Promising Non-Addictive Pain Medicines
Unsurprisingly, medical marijuana was discussed as a potential non-opioid medication. However, a lack of scientific evidence supporting cannabinoids and barriers to studying the Schedule I drug continue to serve as obstacles. Dr. Coop stressed the need for well-designed clinical studies to fully assess the impact and potential drawbacks, which is something we recently explored in more detail.

In addition to medical marijuana and non-opioid medications, a multitude of alternative therapies have been touted as effective pain relievers, but as we discuss below, reimbursement for and access to these treatments remain an issue.

Reimbursement Policies for Alternative Therapies & Coordinated Care
As alternative therapies such as physical therapy, occupational therapy, water therapy,, and more grow in popularity, health plans have taken steps to increase access by removing prior-authorizations, although many critics still say access is difficult. America’s Health Insurance Plans published a statement following the hearing that emphasized progress in evaluating non-opioid care treatments as a first-line option for the treatment of pain, writing “As we move from routinely prescribing opioids for pain, we all have a role to play to ensure patients receive effective pain care. … Both clinicians and health insurance providers together will need to manage the new realities of a comprehensive, integrated, patient-focused pain management approach.”

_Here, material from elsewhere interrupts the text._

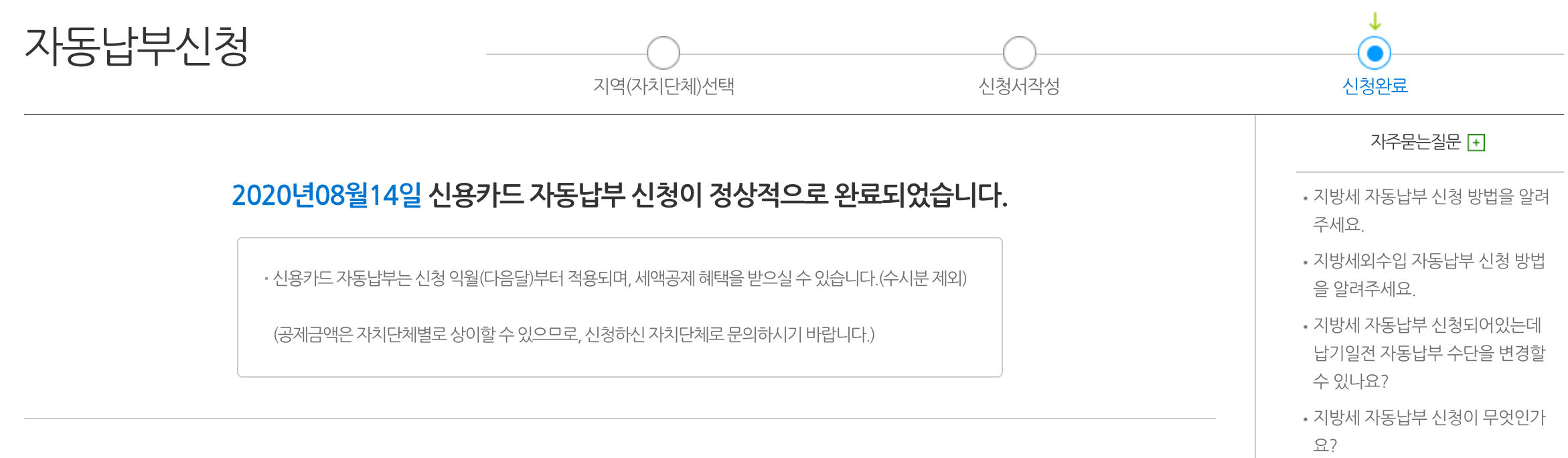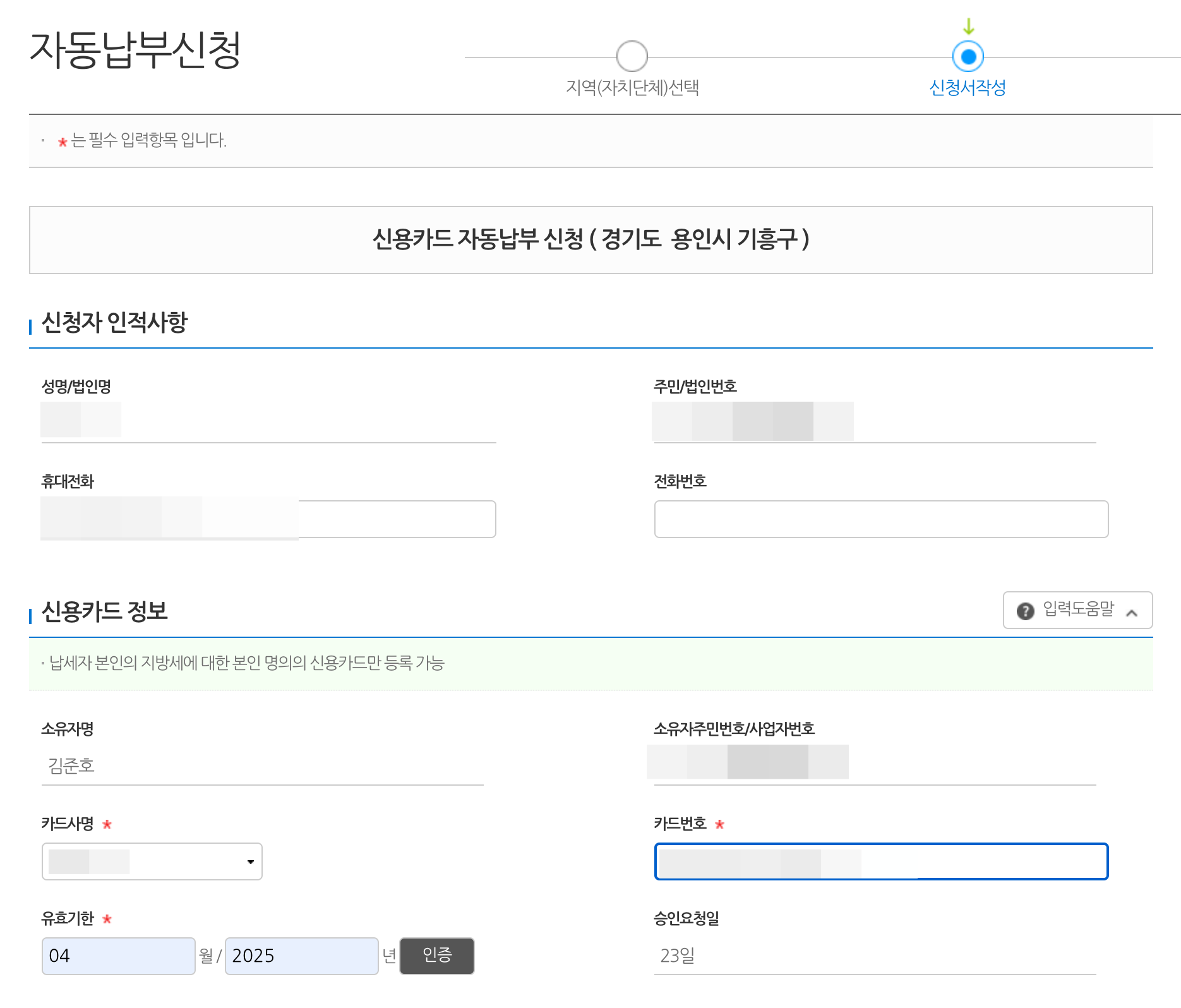 지역을 선택하고 저는 "신용카드 자동납부"로 선택했습니다. 계좌로 하면 잔고가 부족하면 실패할 거 같아 찜찜하네요.

In addition to knocking down barriers to alternative therapies, the importance of coordinated care incentives was weaved into nearly every witness’ response. Patients suffering from chronic pain are more likely to experience mental a health disorder, meaning treatment should address the patient’s whole health. Dr. Gazelka referred to the pain clinic model from 30 years ago, which included a physician, psychologist, and restorative therapist, and encouraged returning to this model.

Unintended Consequences of CDC Guidelines on Opioid Prescribing
As Dr. Gazelka mentioned during the hearing, many in the pain management space believe restricting opioids before alternatives were made more accessible has led to significant unintended consequences. Specifically, this restriction refers to the CDC opioid prescribing guidelines designed with the goal of educating primary care providers without extensive pain management training on best practices for opioid prescribing. However, a misunderstanding of the CDC’s intent has contributed to potentially harmful legislative regulations around opioid prescribing for patients in pain. Physicians and physician advocates such as the American Medical Association have made statements on the misapplication of the guidelines, and our own team heard this frustration first hand from practitioners at PAINWeek last September.

Emphasizing the complexity of pain, Dr. Gazelka and Steinberg both shared scenarios in which positive patient outcomes were achieved through care that falls outside the recommended CDC guidelines. The stories highlighted the most important takeaways from the hearing: No two people experience pain in the same way, and we must keep the importance of personalized, patient-centered care in mind as new efforts are implemented to combat the opioid crisis.